The Kate sounds a lot better than the Nick (who has that robotic gravel to his voice) but I think that there is some question as to how much better would it actually be with more data:

If trained on longer samples does it start to hallucinate? Learning programs are notorious for rough approximations failing to scale into useful detail.

Very cool work though!

spullara · on March 17, 2018

If you go to the original you can hear what it sounds like when it is trained over a lot more data.

arbie · on March 19, 2018

The Notes section neatly showcases the characteristics of most of the publish-fast-without-reproducibility "research" hitting arxiv starting mid-'17:

The paper didn't mention normalization, but without normalization I couldn't get it to work. So I added layer normalization.

The paper fixed the learning rate to 0.001, but it didn't work for me. So I decayed it.

I tried to train Text2Mel and SSRN simultaneously, but it didn't work. I guess separating those two networks mitigates the burden of training.

The authors claimed that the model can be trained within a day, but unfortunately the luck was not mine. However obviously this is much faster than Tacotron as it uses only convolution layers.
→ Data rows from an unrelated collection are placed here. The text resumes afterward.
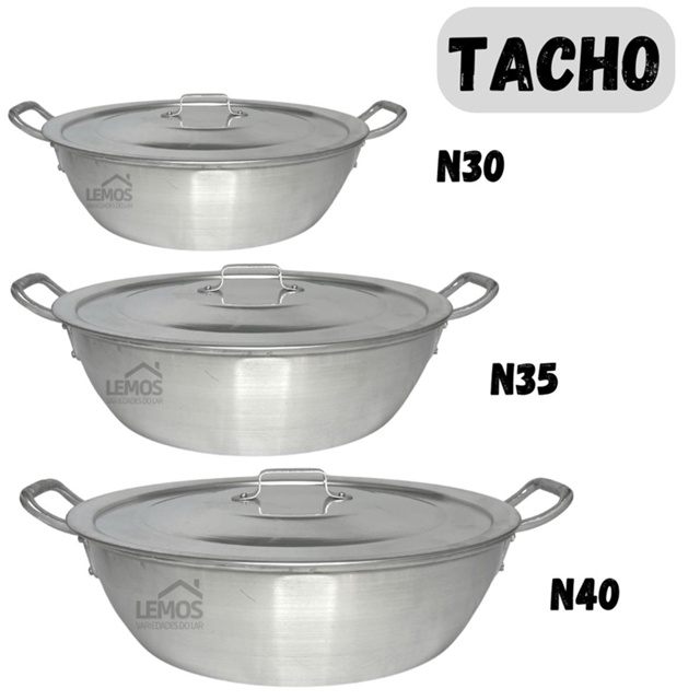Tacho Medio Grande 5L 8L ou 12L Com Tampa N30 - N35 - N40 Fritar Batata Pastel Salgado Camarão Moqueca Em Alumínio
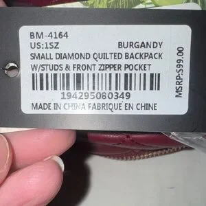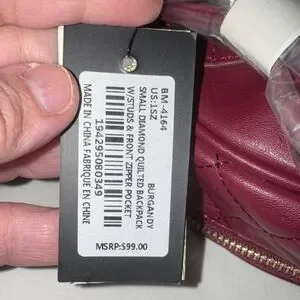 Badgley Mischka Burgundy Quilted Mini Backpack with Gold Accents
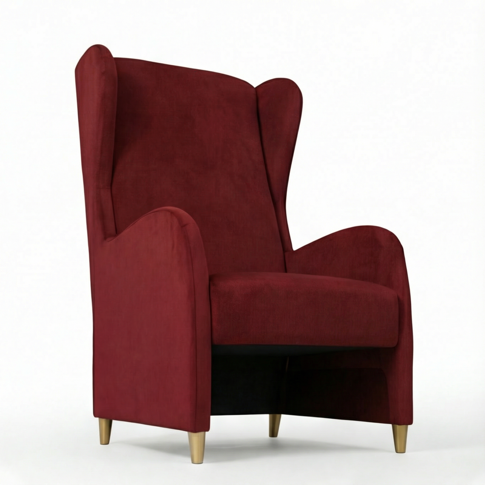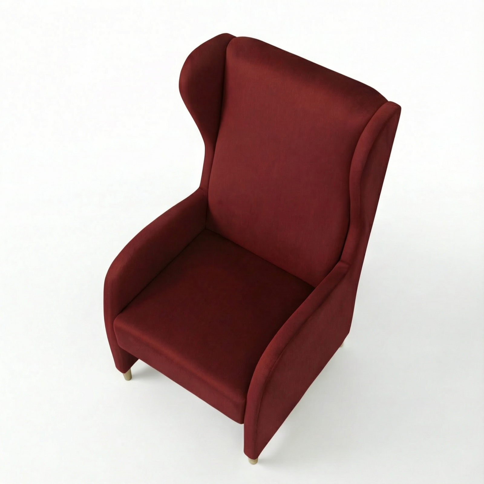 Lo schienale, alto e sagomato nella parte superiore, crea due ali che avvolgono le spalle, offrendo una sensazione di comfort totale.

The paper didn't mention dropouts. I applied them as I believe it helps for regularization.

Crazyontap · on March 17, 2018

Speaking as a person who doesn't know much about programming how much time does it take to generate 1 min of audio (or say 50 words)? Is it possible to integrate this in my browser?

I heard a Google TTS demo (I think it was called deepmind?) that sounds extremely human-like and I was wondering if it can be used to turn webpages into speech (I have few extension in Chrome but those voices sound very robotic and it's hard to hear them after 2 mins).

Anyway congrats for making this. I'm nowhere near as smart to understand how it works just that it's getting better and more human like everyday!

yorwba · on March 18, 2018

If it's possible to fine-tune on 1 minute of audio in 10 minutes (which very likely requires more than 10 passes), it should be possible to run this model with real-time throughput (at least using a decent GPU).

The technology is definitely intended for reading websites to users. I'm actually not sure why Google hasn't integrated it into Chrome yet. Maybe they prefer leaving the task to the OS-level accessibility tools.

londons_explore · on March 18, 2018

The text to speech demos google was doing are relatively computationally expensive.

They couldn't afford for everyone to be text-to-speaking every web page...

petee · on March 17, 2018

All considering, the samples sound great. Maybe not exactly like the real people, but it definitely captures a human feeling, versus my android's robot-lady.

kyubyong · on March 20, 2018

I've updated the repo with additional demo samples trained on speech samples by Modern Family Celebs.